PROBLEM DESCRIPTION: Below are lines of data, and only some are wanted. Please repeat exactly those from the line that has "Bankbiljet, Noodgeld, Gemeente" through the line that has "نهاية اليوم الـ16: أمريكا".

DATA RECORDS:
..............................
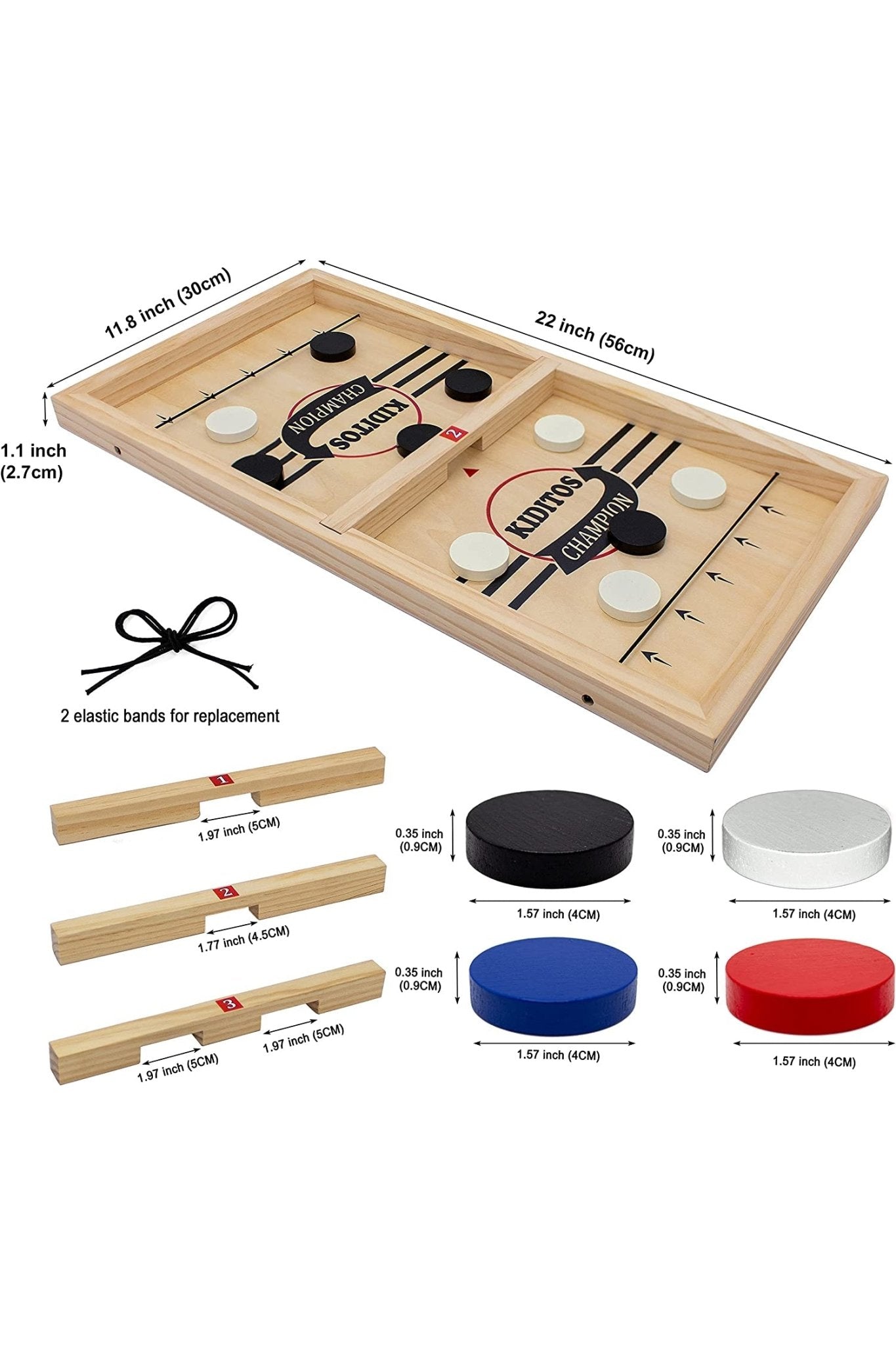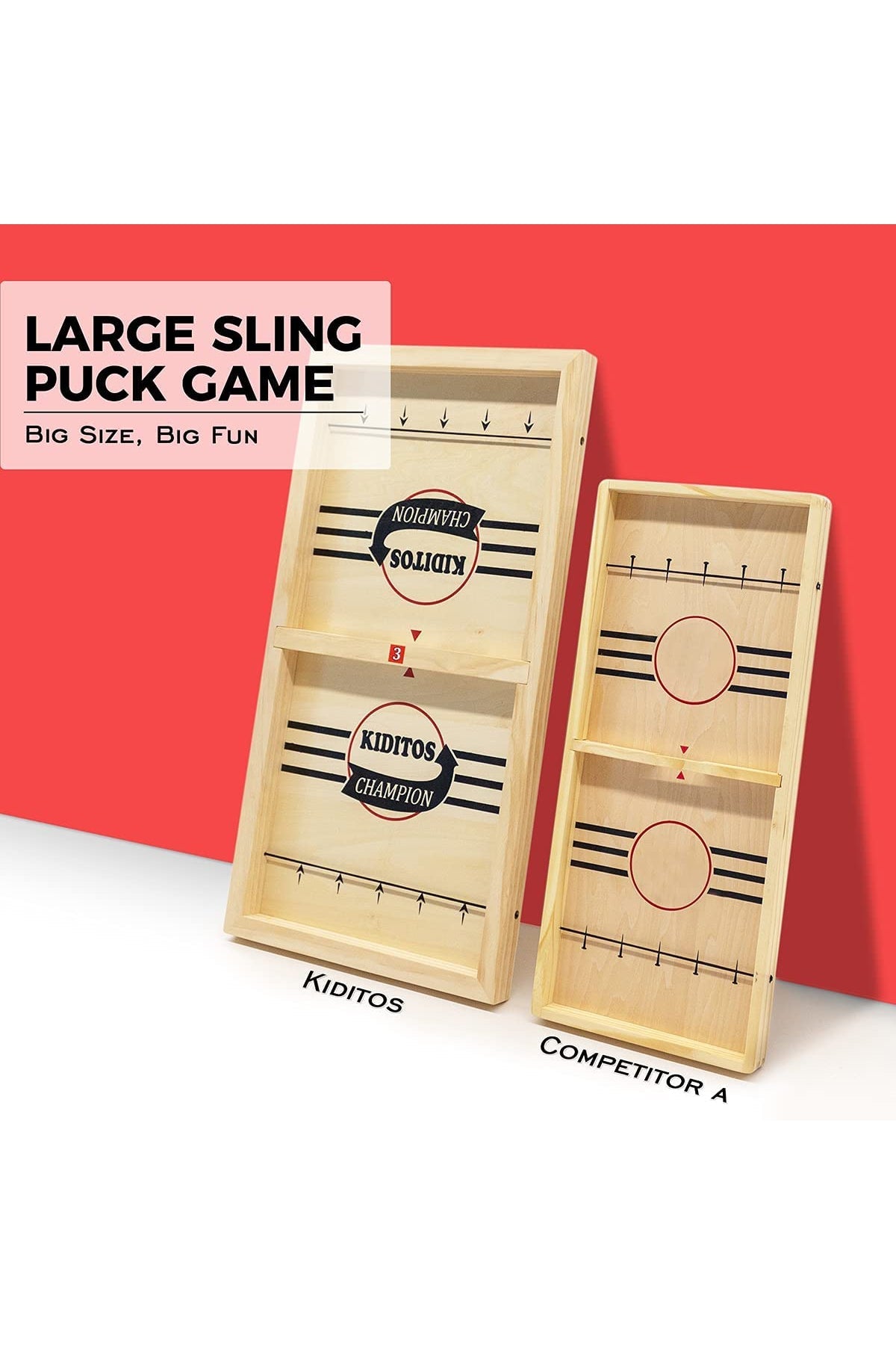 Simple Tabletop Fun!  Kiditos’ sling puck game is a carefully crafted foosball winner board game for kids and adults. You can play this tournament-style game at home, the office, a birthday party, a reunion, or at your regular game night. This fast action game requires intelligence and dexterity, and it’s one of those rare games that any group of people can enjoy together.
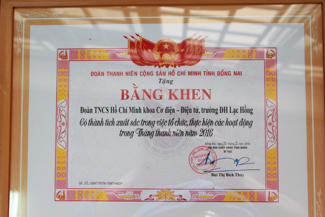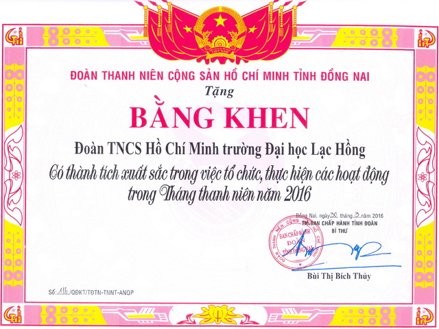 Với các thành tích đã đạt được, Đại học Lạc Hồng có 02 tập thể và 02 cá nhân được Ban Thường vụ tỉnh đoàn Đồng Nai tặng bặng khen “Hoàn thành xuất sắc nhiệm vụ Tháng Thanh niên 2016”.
..............................
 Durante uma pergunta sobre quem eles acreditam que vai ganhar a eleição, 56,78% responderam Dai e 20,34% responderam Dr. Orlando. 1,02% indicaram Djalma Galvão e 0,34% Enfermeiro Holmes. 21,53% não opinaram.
..............................
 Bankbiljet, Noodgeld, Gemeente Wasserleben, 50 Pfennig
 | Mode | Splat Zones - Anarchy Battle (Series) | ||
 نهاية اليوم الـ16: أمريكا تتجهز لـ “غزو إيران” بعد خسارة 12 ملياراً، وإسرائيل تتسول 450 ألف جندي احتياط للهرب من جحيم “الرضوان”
..............................
THE ANSWER:
 Bankbiljet, Noodgeld, Gemeente Wasserleben, 50 Pfennig
 | Mode | Splat Zones - Anarchy Battle (Series) | ||
 نهاية اليوم الـ16: أمريكا تتجهز لـ “غزو إيران” بعد خسارة 12 ملياراً، وإسرائيل تتسول 450 ألف جندي احتياط للهرب من جحيم “الرضوان”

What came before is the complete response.